## Extracted data
============================================================

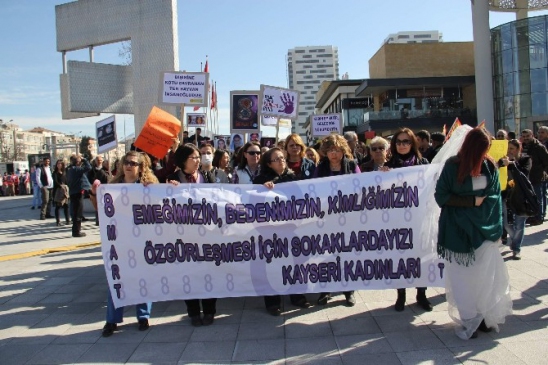 Sivas Caddesi’nden Cumhuriyet Meydanı’na yürüyen kadınlar 8 Mart Dünya Kadınlar Günü’nde kadına yönelik şittede ’Hayır’ dedi. Cumhuriyet Meydanı’nda açıklama öncesinde bir babanın eşi ve çocuklarına uyguladığı şiddeti anlatan, kadınların oynadığı tiyatro oyunu sahnelendi.
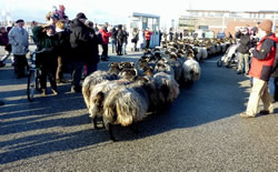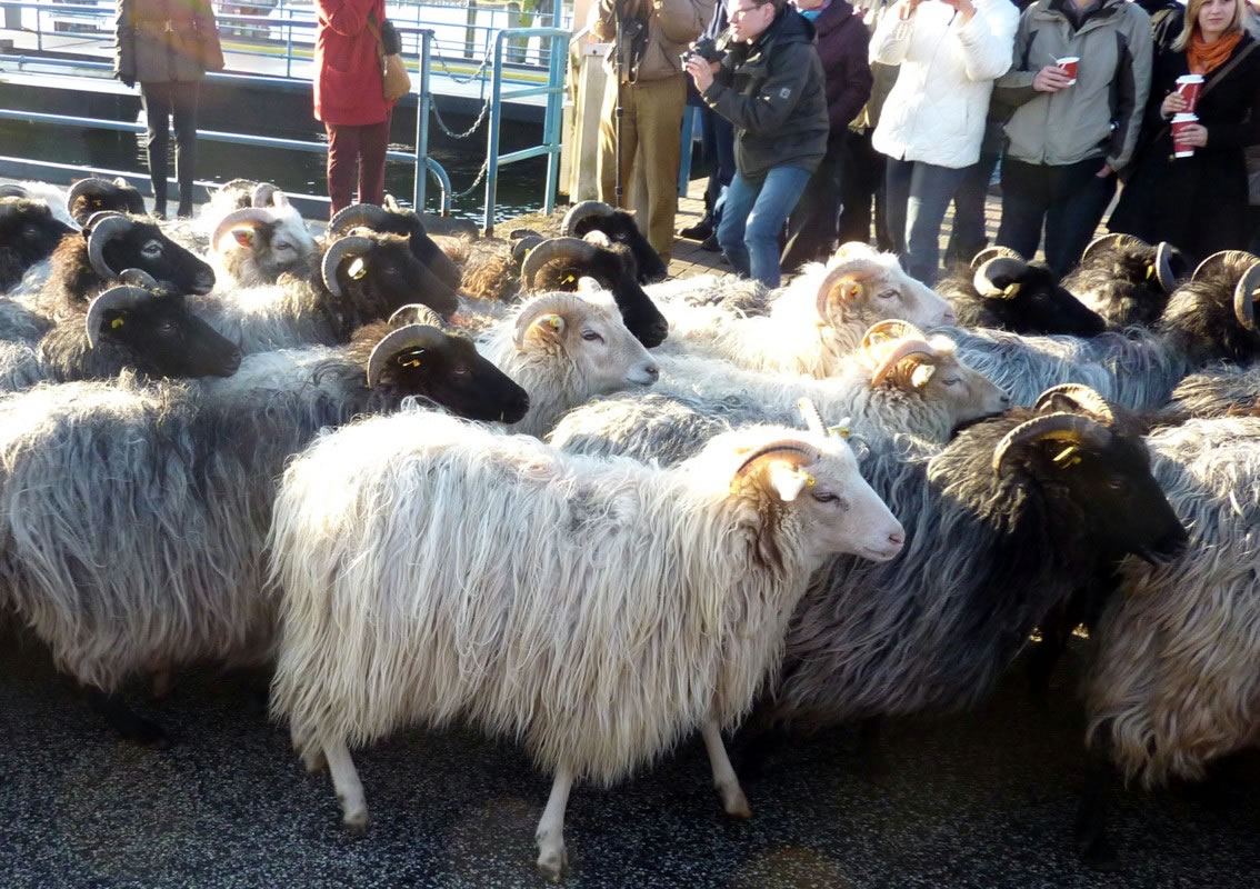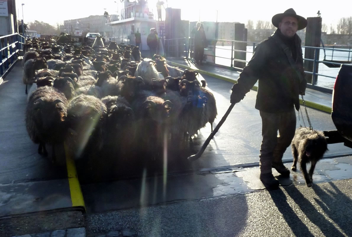 Denn weer dat sowiet. Schöön vörsichtig legg de Fähr "Schleswig-Holstein" an den Anlegger an. Ganz vörut föhr en Polizeiauto mit Blaulicht vun de Fähr. Dat möök den Weg för de Schaap frie. Liekers harrn de Schaap vör de velen Minschen an't Över Schuuch un bleven stahn. Eerst as de Scheeper mit sien Stock un sien beiden Hunnen keem un de Schaap toreep: "Komm, Alte, komm!", güng dat wieder.
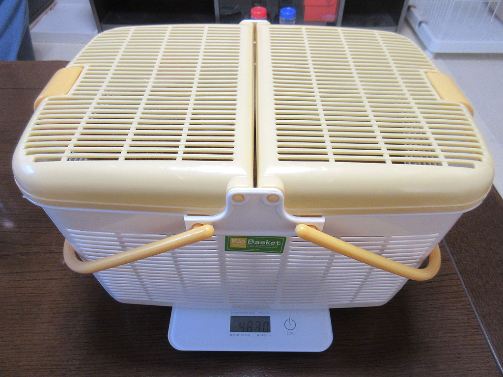 そしてこれは、先週の(火)の朝、私が佐世保旅行に出発した日の朝ですが、猫たちの体重測定をして、これは、アビのすけの体重測定の様子。
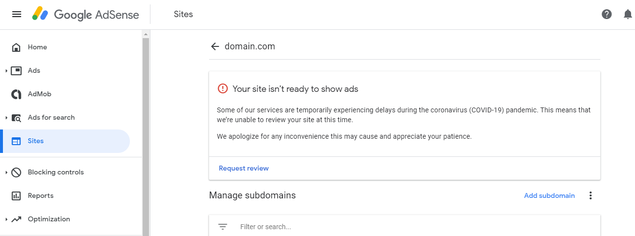«Ваш сайт не готов показывать рекламные объявления. Некоторые из наших функций в настоящий момент работают с задержкой из-за пандемии COVID-19. Это означает, что мы не в состоянии проверить ваш сайт сейчас.
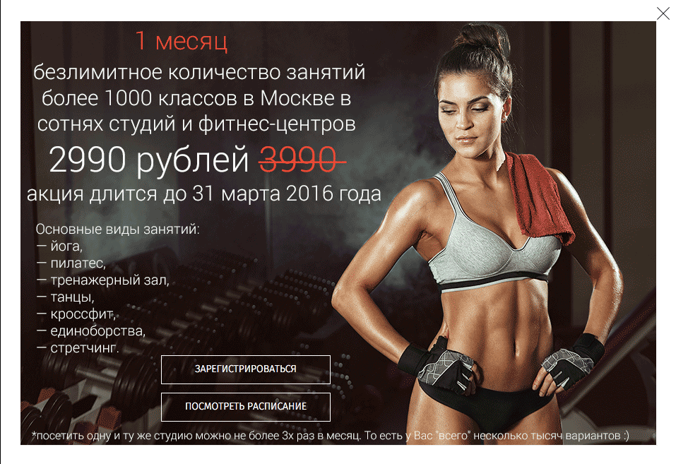 «Мы предлагаем 30-дневный пробный период по [специальной рекламной цене], которая включает услуги тренера и все, что мы предлагаем. Мы предоставляем такую возможность, потому что знаем, что после того, как они позанимаются с нами 30 дней, они полюбят нас. Подобные способы исключают необходимость подхода, основанного на агрессивных продажах».![]()
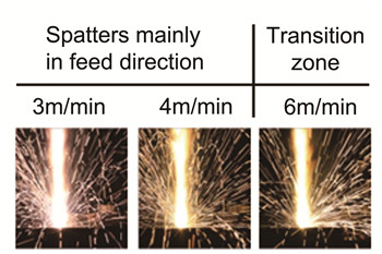 當焊接速度為 v = 3~4 m/min 的中等速度時,飛濺物 將從前部、后部以及各個方向上的毛細管側壁噴出,尤其 在焊接方向上會有增加(見圖 4)??傊@些飛濺物很小,不會粘到工件表面。但是有一些大的飛濺物會污染到工件表面。盡管如此,其焊縫質量仍然非常好,焊接強度很大。
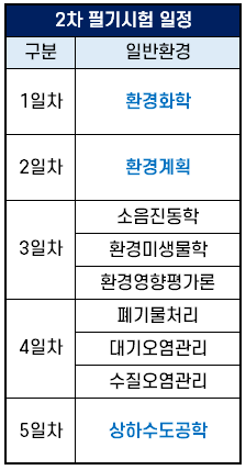 5급 환경직 2차 시험은 1일 1과목 씩 4일 동안 시행되는데요. 과목당 시험 시간은 120분(10:00 ~ 12:00)이며, 5일에 거쳐 다음 일정에 따라 시험이 시행되기 때문에 응시자의 선택과목에 따라 시험 날짜가 달라집니다.

============================================================

## Work to be completed
Every record must be transcribed faithfully, with no picture carried over.

## Response
 Sivas Caddesi’nden Cumhuriyet Meydanı’na yürüyen kadınlar 8 Mart Dünya Kadınlar Günü’nde kadına yönelik şittede ’Hayır’ dedi. Cumhuriyet Meydanı’nda açıklama öncesinde bir babanın eşi ve çocuklarına uyguladığı şiddeti anlatan, kadınların oynadığı tiyatro oyunu sahnelendi.
 Denn weer dat sowiet. Schöön vörsichtig legg de Fähr "Schleswig-Holstein" an den Anlegger an. Ganz vörut föhr en Polizeiauto mit Blaulicht vun de Fähr. Dat möök den Weg för de Schaap frie. Liekers harrn de Schaap vör de velen Minschen an't Över Schuuch un bleven stahn. Eerst as de Scheeper mit sien Stock un sien beiden Hunnen keem un de Schaap toreep: "Komm, Alte, komm!", güng dat wieder.
 そしてこれは、先週の(火)の朝、私が佐世保旅行に出発した日の朝ですが、猫たちの体重測定をして、これは、アビのすけの体重測定の様子。
«Ваш сайт не готов показывать рекламные объявления. Некоторые из наших функций в настоящий момент работают с задержкой из-за пандемии COVID-19. Это означает, что мы не в состоянии проверить ваш сайт сейчас.
 «Мы предлагаем 30-дневный пробный период по [специальной рекламной цене], которая включает услуги тренера и все, что мы предлагаем. Мы предоставляем такую возможность, потому что знаем, что после того, как они позанимаются с нами 30 дней, они полюбят нас. Подобные способы исключают необходимость подхода, основанного на агрессивных продажах».![]()
 當焊接速度為 v = 3~4 m/min 的中等速度時,飛濺物 將從前部、后部以及各個方向上的毛細管側壁噴出,尤其 在焊接方向上會有增加(見圖 4)??傊@些飛濺物很小,不會粘到工件表面。但是有一些大的飛濺物會污染到工件表面。盡管如此,其焊縫質量仍然非常好,焊接強度很大。
 5급 환경직 2차 시험은 1일 1과목 씩 4일 동안 시행되는데요. 과목당 시험 시간은 120분(10:00 ~ 12:00)이며, 5일에 거쳐 다음 일정에 따라 시험이 시행되기 때문에 응시자의 선택과목에 따라 시험 날짜가 달라집니다.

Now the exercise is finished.